За тридцать-сорок минут представления тут можно прожить жизнь. Медленно появляются и исчезают деревянные фигурки: ребенок, потом беспечный юноша, обнимающий девушку, солдат в форме… Кто-то трогает колокольчики наверху; а внизу маленький шарманщик крутит свою нескончаемую песню. Идет жизнь… Деревянные человеческие фигурки с огромным напряжением крутят какие-то колеса, поднимаются и опускаются блоки, вертится и дребезжит вся конструкция, кото- рую Мастер называет «Вавилонской башней». Словом, работа идёт полным ходом,- но, если присмотреться вниматрльно, становится ясно, что не люди вертят колесики, а сами вертится в них, как белки в бесконечном и бессмысленном колесе, что все усилия, движения, лязг и скрежет ни на йоту не продвигают дело вперед и назвать эту композицию можно, скажем, «Сизифов труд»…
И, я понимаю, почему именно она так запала мне в душу. Ибо (волею судеб утром того же дня мне довелось присутствовать на совещании в исполкоме Московского райсовета, где шла речь о помещении для театра Берсудского. Надо отдать должное работникам исполкома — и председателю О. В. Шишкину, и заведующей отделом культуры Л. А. Косткиной, и юрисконсульту Н. В. Мотылевой — все они искренне старались, чтобы театр кинематических скульптур Берсудского наконец обрел свой дом. И помещение уже давно есть на примете — в добротном здании, с высоким полукруглым крыльцом, создающим сразу ощущение театральности. Арендуемое у исполкома объединением «Скороход», оно давно пустует…

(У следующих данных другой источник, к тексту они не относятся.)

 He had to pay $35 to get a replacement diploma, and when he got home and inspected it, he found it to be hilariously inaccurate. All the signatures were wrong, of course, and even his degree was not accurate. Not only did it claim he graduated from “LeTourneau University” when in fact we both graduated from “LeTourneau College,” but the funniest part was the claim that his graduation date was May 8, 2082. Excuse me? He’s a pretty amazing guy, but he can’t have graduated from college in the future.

— Зачем вы меня вызвали? — благодушно задал вопрос на заседании заместитель генерального директора «Скорохода» Б. Н. Матвеев. — Помещение не отдадим. Подавайте, если хотите, в арбитраж.

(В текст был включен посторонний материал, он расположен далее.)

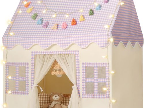 Kids Play Tent Indoor: Mat, Tassel Garland, Star Lights - Purple Checkered Girls Tent Playhouse for Toddlers Kids Toys for Boy Girl Birthday Gift
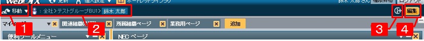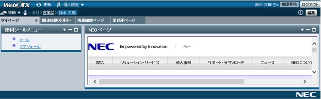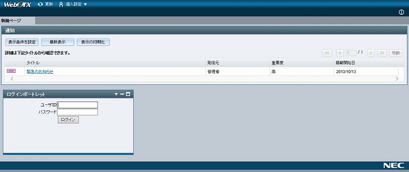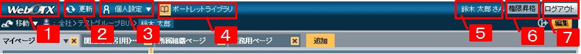 ポータルページエリアではポータルサイトに含まれる複数のポータルページの表示、およびポータルページの編集を行うための機能を提供します。
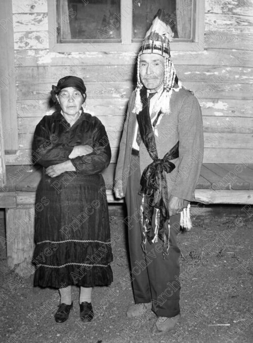 Scope & Content: Item consists of Captain and Chief Leon Prince, wearing a headdress, and his wife standing in front of a wooden building at Fort St. James.
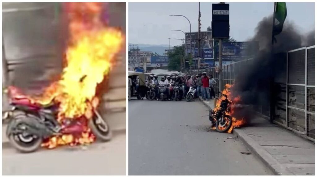 Jamshedpur. मानगो पुल पर मंगलवार को एक अपाचे बाइक में अचानक आग लग गई. मानगो मून सिटी के रहने वाले विवेक कुमार साकची की तरफ जा रहे थे. इसी दौरान उनकी बाइक से धुआं निकलने लगा. विवेक ने पास के नल से पानी लाकर आग बुझाने की कोशिश की. लेकिन आग तेजी से फैल गई. मिनटों में पांच साल पुरानी अपाचे बाइक पूरी तरह जल गई. घटना से पुल पर अफरातफरी मच गई और जाम की स्थिति बन गई.
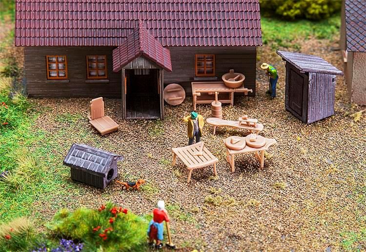 Petites pièces prévues pour la conception de la scène rurale avec une dépendance rustique, niche, l'établi, fromage de table et bien plus encore.
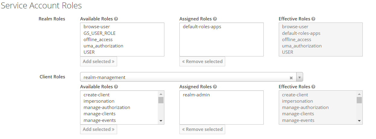 Service Account Rolestab, ensure that the realm-admin, from the realm-management client role is addedd to theAssigned roles.

Нe правда ли — весьма наглядный пример противоречия между законной, но бессильной властью Совета и самодовольной неуязвимостью представителя ведомства?
И снова будут двигаться входящие и исходящие, крутиться бумажные колесики, напрягать силы должностные лица, чтобы хотя бы к осени скульптуры Берсудского справили новоселье.

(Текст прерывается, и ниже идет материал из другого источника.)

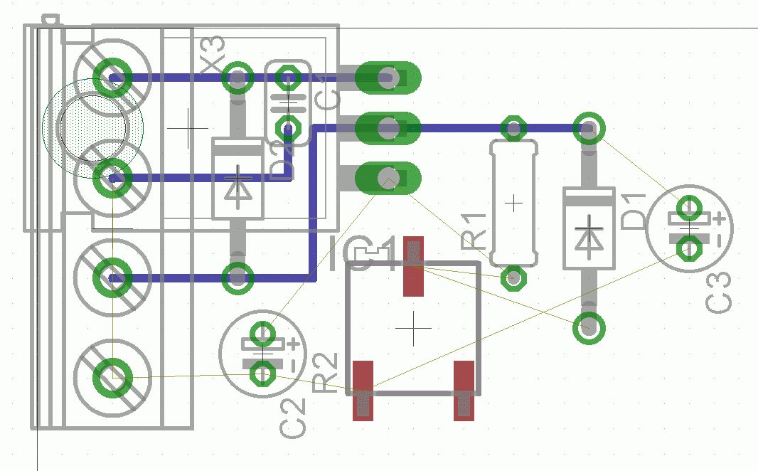 Hallo! Könntet Ihr mir bitte sagen, ob ich die Rücklaufdiode D2 für den LM317 statt wie in Bild 1 an den Regler selbst auch wie in Bild 2 "global" auf die V+-Seite hängen kann? Dann könnte ich D2 auch gleich wie in Bild 3 gezeigt parallel an die 4-pol Printklemme hängen. Oder gibts da elektronisch iwas was dagegen spricht? (Thema Platz sparen...) Zu diesem Thema die zweite Frage: Der TO220 (vom LM317) wird ja für gewöhnlich senkrecht eingebaut, bei Eagle im Board-Layout als liegendes Bauteil dargestellt. Gibt es für den LM317 noch ein EAGLE-Teil mit stehendem TO220, den ich nicht gefunden habe? Oder wie macht Ihr das, um diesen im Boardlayout sowohl platzsparend als auch optisch vernünftig, und nicht wie hier drei andere Bauteile überlappend, darzustellen? (im Bild 3 nur den Teil li.o. betrachten, der Rest der Schaltung ist i.M. nur draufgeklatscht) achja, da fällt mir noch eine Frage 3 ein wenns erlaubt ist: Iwo hatte ich mal gelesen, dass einer der Cs so dicht wie möglich an den Regler ran soll, wegen schwingen oder sowas. Wisst Ihr dazu was?

Один Мастер сидел на совещании молча. Может быть, он думал о том, что людям лишь кажется, что они двигают бюрократические шестеренки — на деле же «бумажная машина» сама движет ими, и проект какой-нибудь новой композиции уже возникал перед его глазами?
Кто же остановит бюрократическую карусель? Кто скомандует «стоп» лязгающим шестеренкам этого бюрократического «театра абсурда»?